異世界の特異点

@_yanana_

第1章 異世界での1日目

目が覚めたらそこは異世界

第1話 予知夢

「____?」



暖かい空気が体を撫でる。ここは、どこだろう?

そうだ、確か布団の中でぬくぬくを寝ていて、気づいたら意識が途切れていて、目が覚めると、ここだ。

私はいったい、どんな夢を見ているのだろうか。


草原に私、田中たなか 有紗ありさはポツンと草原の真っ只中に立っていた。

そして、私の目の前に真っ白で純白の髪色を靡かせてながら少女は立っている。なぜか、少女だというのに、そう思わせない空気が彼女を纏っている。その髪は長く、風が靡くのをやめれば地面につくだろう。

体にはふんわりとした髪とは対照で灰色の服を身に纏っている。そして、宝石のような翡翠色をしている瞳を真っ直ぐ射抜くように私を見つめて、薄い桜色の唇を開く。



「目が覚めるとあなたは_____、異世界にいます。」

「は?」



突然、訳がわからない発言をされ、口から間抜けな声が漏れ出る。少女は、怪訝そうに眉を下げて「すみません。」、と謝罪し、



「とりあえず、目が覚めると異世界にいるます。頑張って、生きてくださいね。」

「は、はい…?」



少女は表情を消し、やや緊迫した声色で私を見つめながら喋る。どういうことだろう?異世界とは?

もちろん、「異世界」ワードくらいなら誰しも聞いたことあるだろう。だからと言って、いきなり異世界に行きますよ、と言われてもポカーンとするだけだ。

固まって少女を見つめていると、くらりと眠気に襲われる。

すると、焦った声がわずかに耳へと滑り込んできた。


「っ!いつの間に、あいつが!」


なんだろう。私を見つめて、緊迫した声色を発しながら駆け寄ってきていて______。あいつって、誰だろう______?

意識がだんだんと沈んでいきながら、そんなことをぼんやりと考える。まぁ、いいか__。
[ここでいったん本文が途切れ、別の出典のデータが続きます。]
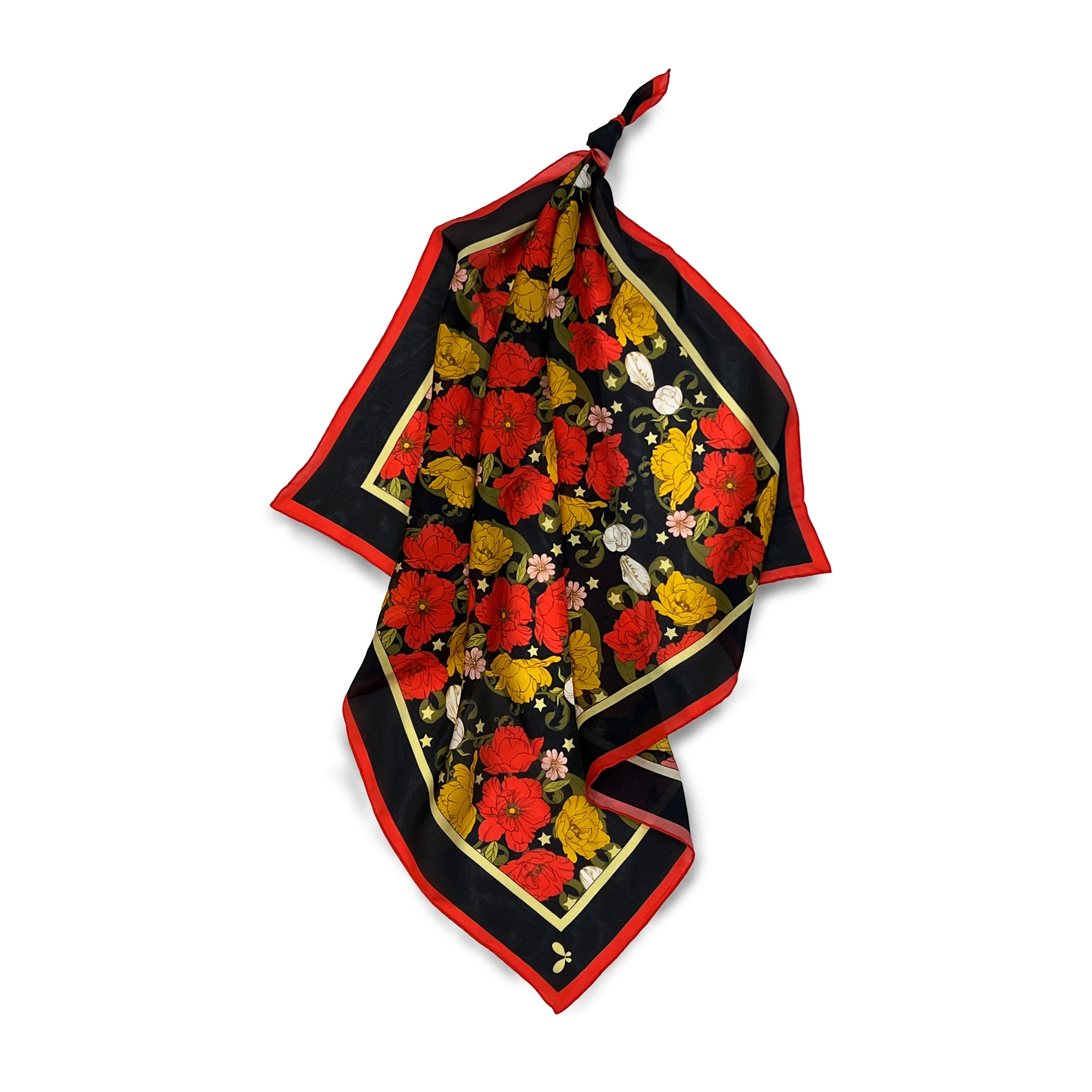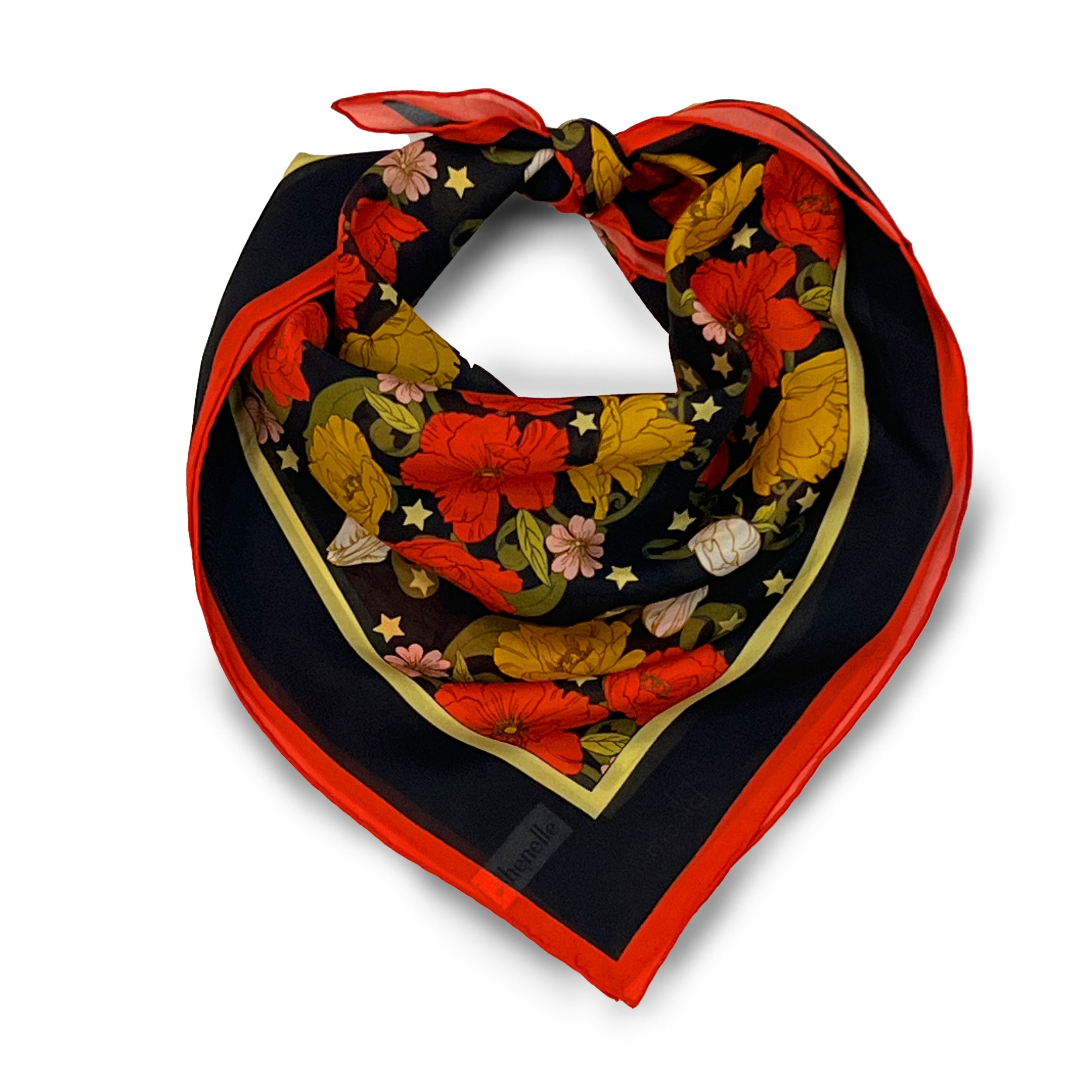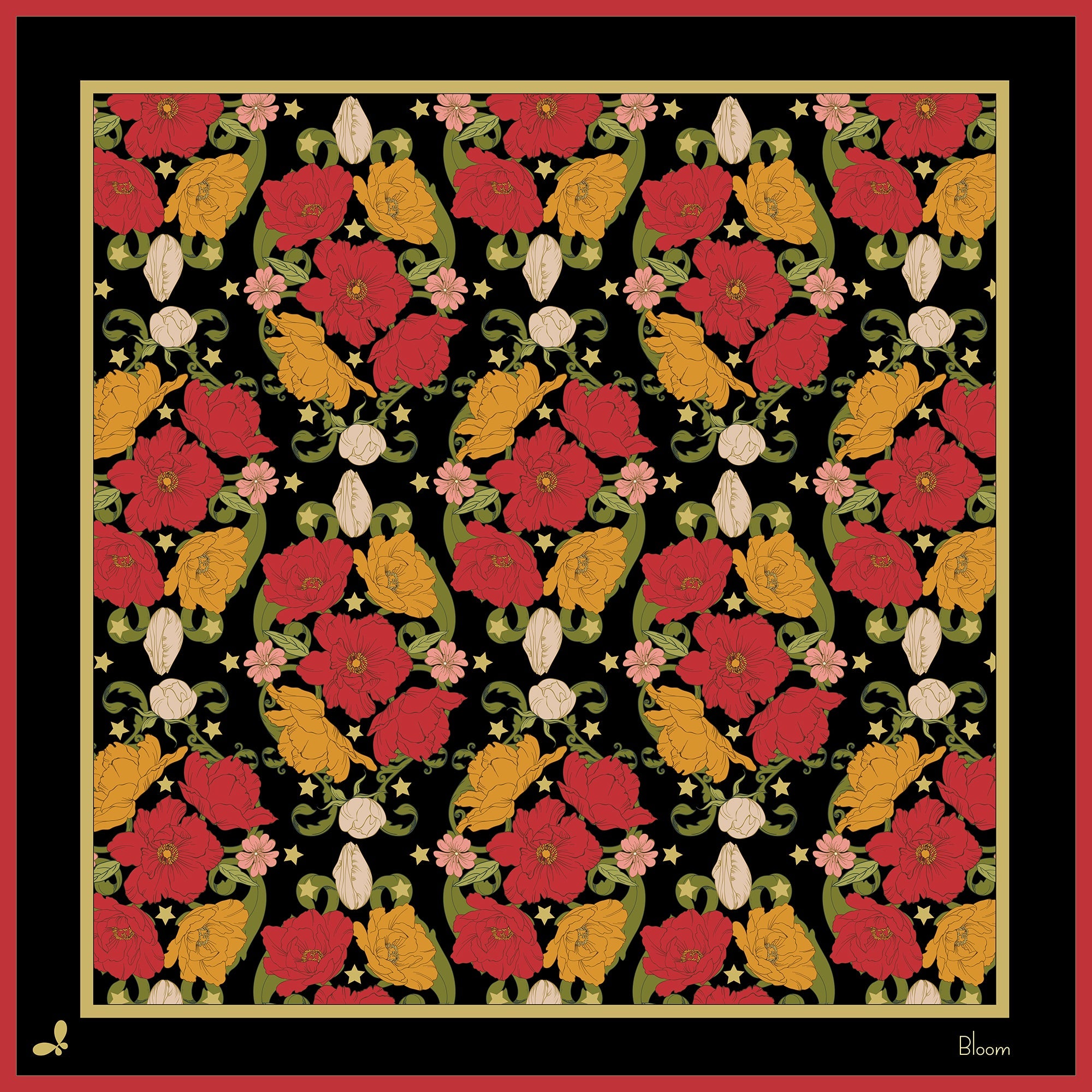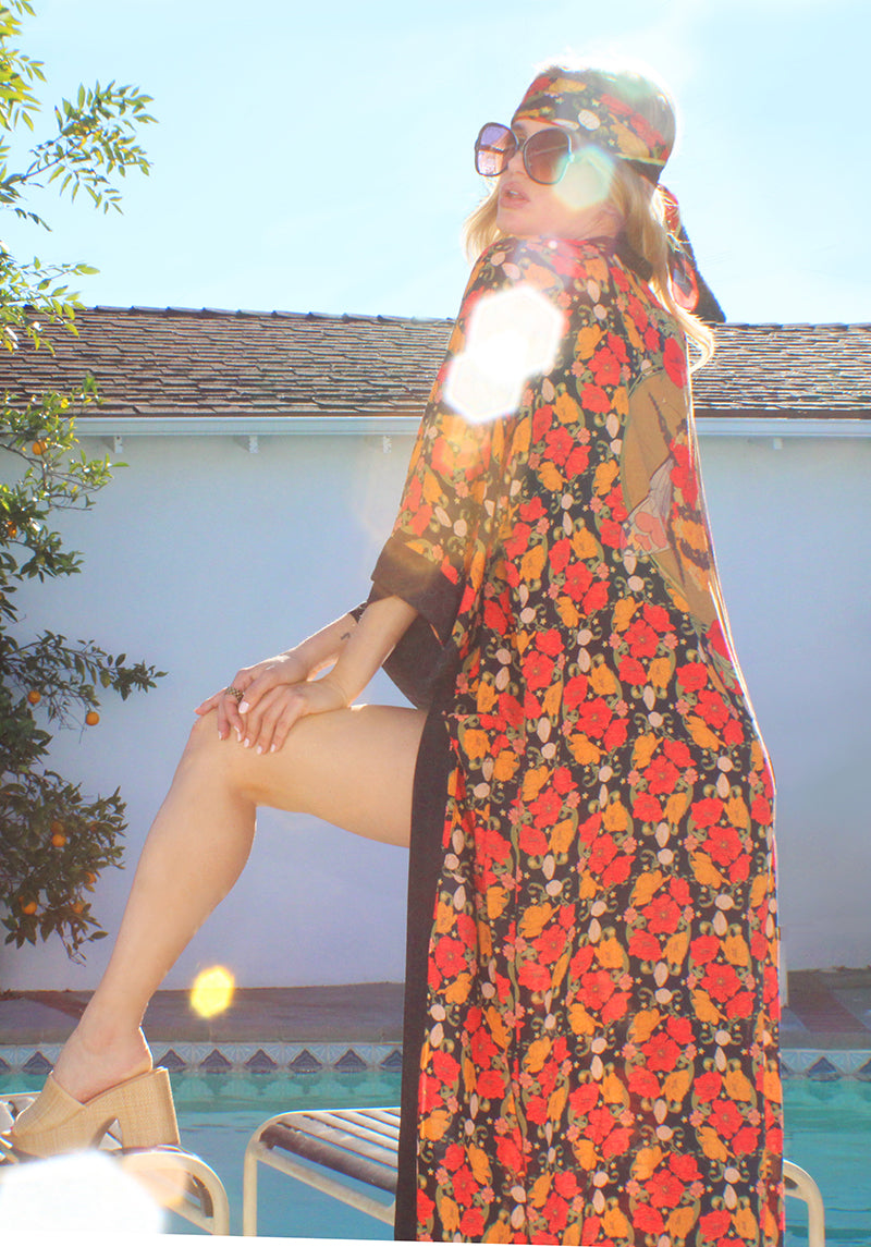 Vintage floral print inspired by the state flower of Cali, the orange poppy. Yellow, Orange, Tan Shades.

どうでも良くなってきた。意識が、また奥深くへ沈んで______。

あれ?さっき、何を話してたっけ?異世界に行くって言われて、それで。


そして、意識は静かに消失した。


+++


あったかい。ポカポカしてるなぁ。もうちょっと寝ていよう。そんなことを思いながら、ふわふわしている布団に体を預けて蹲る。

ん?布団ってふわふわしてるっけな?あ、そういえば夢の中で異世界とか言ってたなー。おかしな夢だったなぁ。ここは、まごうことなき現実_____。


瞼を開け、光が黒い瞳に入り込んでくる。ゆっくりと体を起こし、辺りを見渡すと、ほら、いつもの景色_________、じゃ、ない。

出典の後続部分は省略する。